As you know, Spain ran amok colonizing the Americas around the 16th century or so. It took them about forty years to conquer the Inca Empire. You can do a lot with violence and bringing along smallpox to a population that had never seen it before.
Peru remained a Spanish stronghold for quite a while. By the early 19th century most South American nations had been swept by wars of independence. Elite members of society vacillated between emancipation and Spanish loyalty. It wasn’t until José de San Martin, along with his buddy Simón Bolivar from Venezuela, led military campaigns to occupy the territory that Peru became an independent nation. San Martin occupied Lima and declared Peruvian Independence on July 28, 1821.
It’s a pretty brutal story, but at least there was the upside of Pisco.
Winemaking in Peru dates back to early in the Spanish colonization, when grape vines were brought over in the 1540s. By the late 1500s some stills had been fashioned and aguardiente de uva was produced. This is what eventually became known as Pisco. Unlike Cognac, it is never aged in wood so it remains clear.
Peru and Chile both lay claim to being the place of invention and continue to argue the point. Even the name Pisco is the source of some controversy. The oldest known use was in 1764, when it may have acquired the name from the Peruvian town of Pisco, which was an important shipping port for exports. There it was known as aguardiente de Pisco. Others claim the name simply comes from the Quechua language and means bird. Still others note it was also the name used for amphorae in the region.

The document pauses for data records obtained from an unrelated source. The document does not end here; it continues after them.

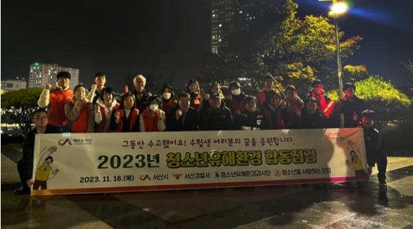 충남 서산시는 지난 16일 수능을 맞아 서산경찰서, 서산교육지원청, 청소년상담복지센터, 청소년유해환경감시단, 청소년을 사랑하는 모임 회원 등 60여 명이 합동으로 서산시 일원에서 청소년유해환경 점검 및 캠페인 활동을 펼쳤다고 밝혔다.
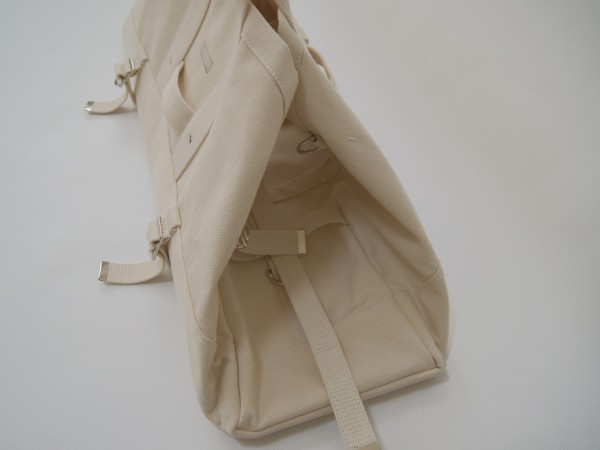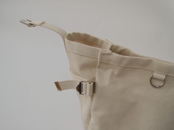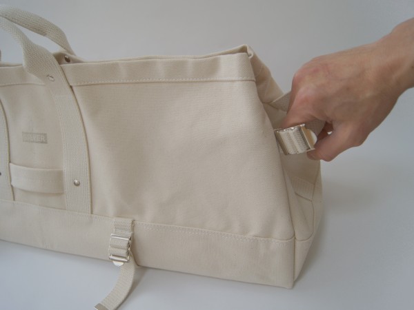 本体口部分のアジャスターで上部を絞り込み、脇と底部分のアジャスターではマチ巾を調整することも可能です。
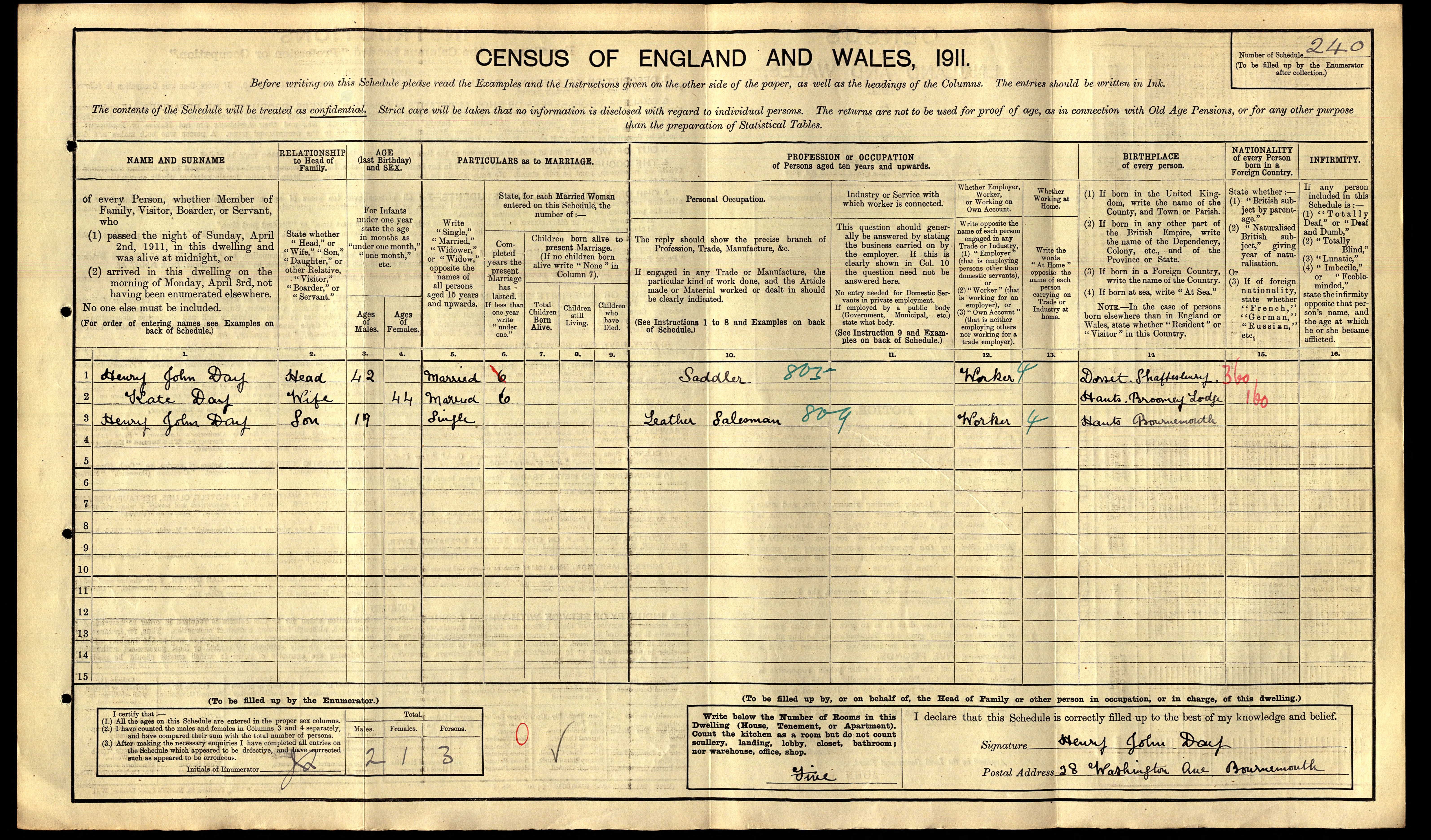 • Occupation: Saddler, 1911, Bournemouth, Dorset, England.

Either way, the spirit became popular around the world, particularly in places like California during the Gold Rush. It was readily available and has occupied an enduring place in the cocktail armament around the world.
The Pisco Sour
While people argue all day about the origins of Pisco, we know the Pisco Sour was first served at Morris’ Bar in Lima, Peru. Victor Morris, an American immigrant to Peru and bartender ran that establishment from 1916-1929 and invented the Pisco Sour right there.
The original recipe was just like a Whiskey Sour at the time, and did not include egg white. Nobody knows just when the egg white got added, but the first reports of it came from a visitor to the Maury Hotel in Lima, where the bar was headed by Mario Bruiget, a former protégé of Morris. Don’t be afraid of egg white. We’ve used it to good effect in drinks like the Rattlesnake and the Million Dollar Cocktail. The Pisco Sour recipe is no more daunting.
The Pisco Sour is a good enough drink that it has a government-approved day of honor. Dia National de Pisco Sour, or National Pisco Sour Day, is celebrated in Peru on the first Saturday of February. Everybody drinks them, a National Pisco sour mixing contest is conducted, and a good time is had by all. If you wish to impress your friends and be entirely authentic you can seek out Amargo Chuncho Bitters from Peru, but Angostura works just as well.
- Nick and Nora or coupe glass
- Add all ingredients to your trusty shaker.
- Place top on shaker - without ice - and shake vigorously to create a foam.
- Add ice and shake to chill.
- Strain into pre-chilled cocktail glass.
- Decorate top of drink with a few drops or a stripe of bitters.